*PROBLEM DESCRIPTION:* All pictures are to be omitted while the lines starting at the line with "1500gの保持力を持つ強力" and ending at the line with "BRI303 JACKPOT SLOT" in the material below are retyped exactly, both ends included.

*THE DATA:*
● ● ● ●

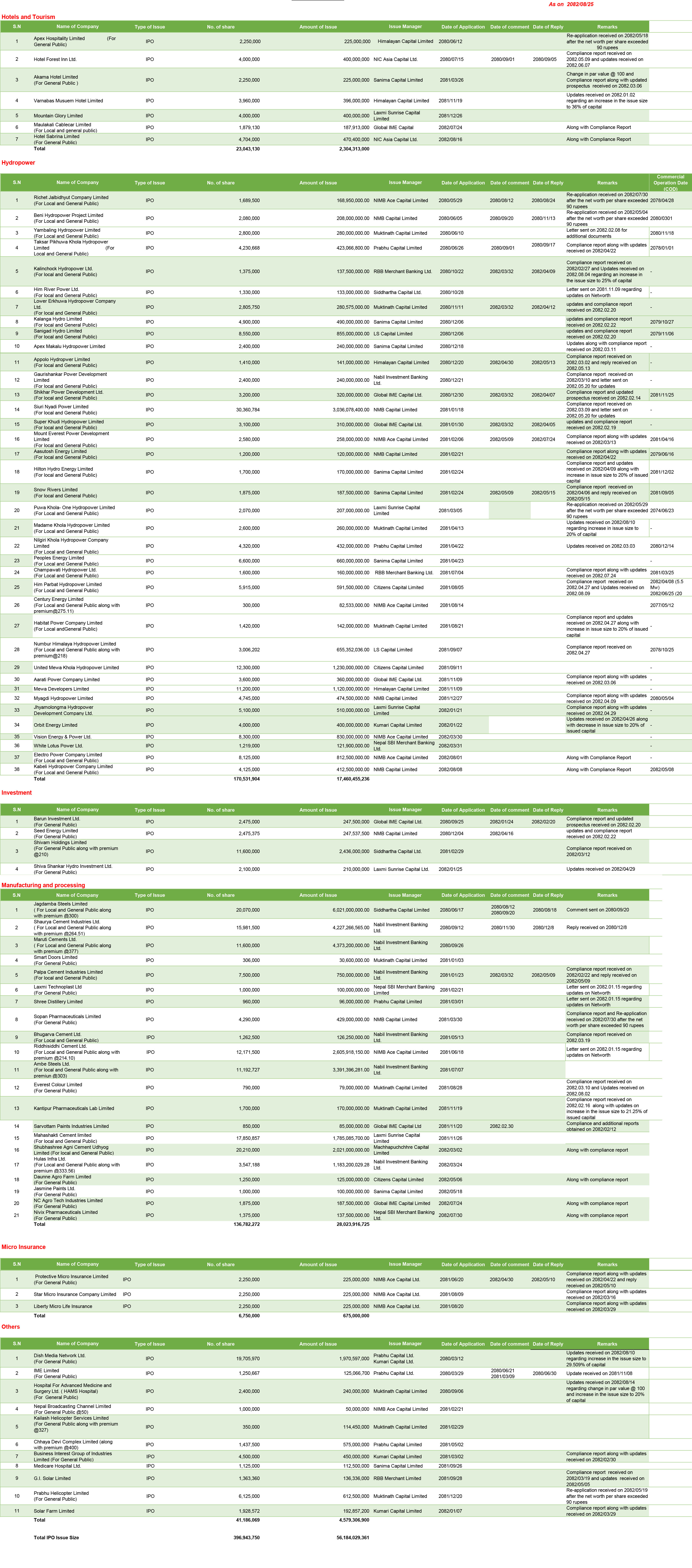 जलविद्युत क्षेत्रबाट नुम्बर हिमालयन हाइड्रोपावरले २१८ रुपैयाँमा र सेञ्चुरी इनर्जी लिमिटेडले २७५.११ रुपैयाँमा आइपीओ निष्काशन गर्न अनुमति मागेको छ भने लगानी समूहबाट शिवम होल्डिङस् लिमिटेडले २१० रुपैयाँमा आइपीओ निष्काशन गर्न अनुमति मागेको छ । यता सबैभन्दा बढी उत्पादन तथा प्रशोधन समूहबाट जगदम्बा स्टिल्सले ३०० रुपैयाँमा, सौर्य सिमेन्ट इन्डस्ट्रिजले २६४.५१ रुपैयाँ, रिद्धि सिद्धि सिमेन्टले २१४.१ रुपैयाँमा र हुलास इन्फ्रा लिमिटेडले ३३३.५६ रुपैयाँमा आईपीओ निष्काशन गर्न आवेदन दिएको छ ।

● ● ● ●

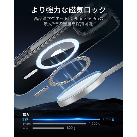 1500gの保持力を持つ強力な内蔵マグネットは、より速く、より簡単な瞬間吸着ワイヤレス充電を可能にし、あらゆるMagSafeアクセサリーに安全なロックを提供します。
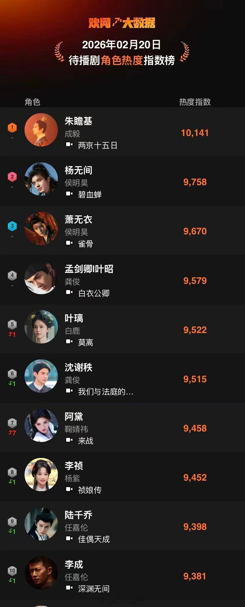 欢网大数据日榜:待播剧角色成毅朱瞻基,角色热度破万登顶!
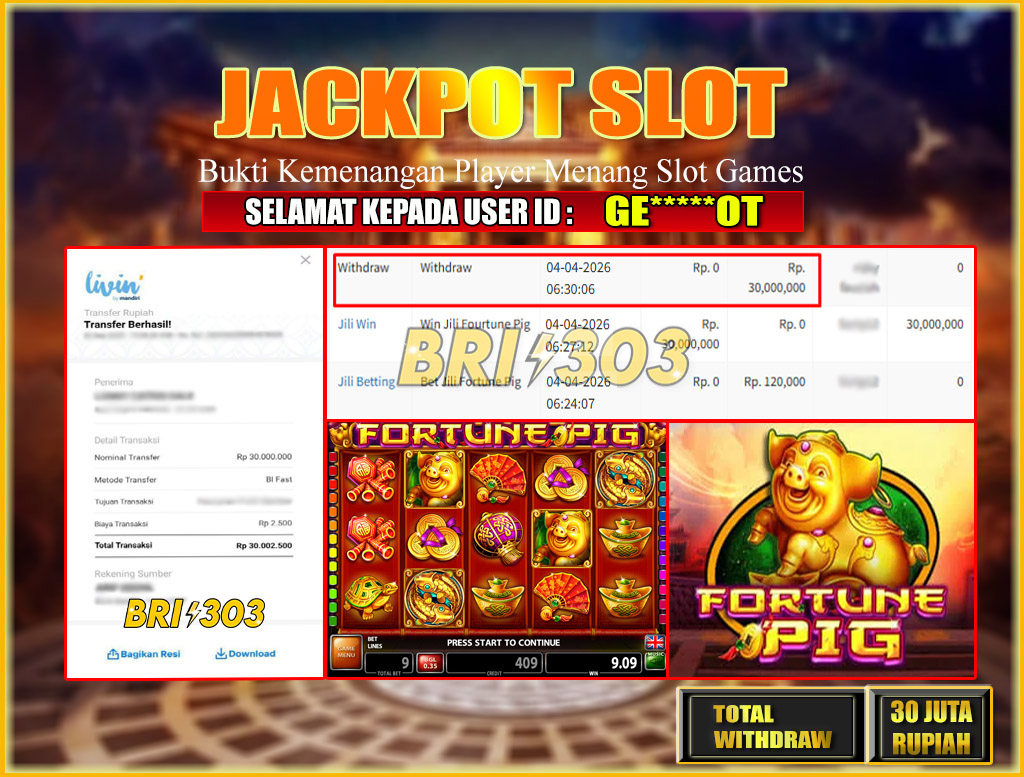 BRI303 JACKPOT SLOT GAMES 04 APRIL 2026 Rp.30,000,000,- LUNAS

● ● ● ●

*COMPLETED TASK:*
 1500gの保持力を持つ強力な内蔵マグネットは、より速く、より簡単な瞬間吸着ワイヤレス充電を可能にし、あらゆるMagSafeアクセサリーに安全なロックを提供します。
 欢网大数据日榜:待播剧角色成毅朱瞻基,角色热度破万登顶!
 BRI303 JACKPOT SLOT GAMES 04 APRIL 2026 Rp.30,000,000,- LUNAS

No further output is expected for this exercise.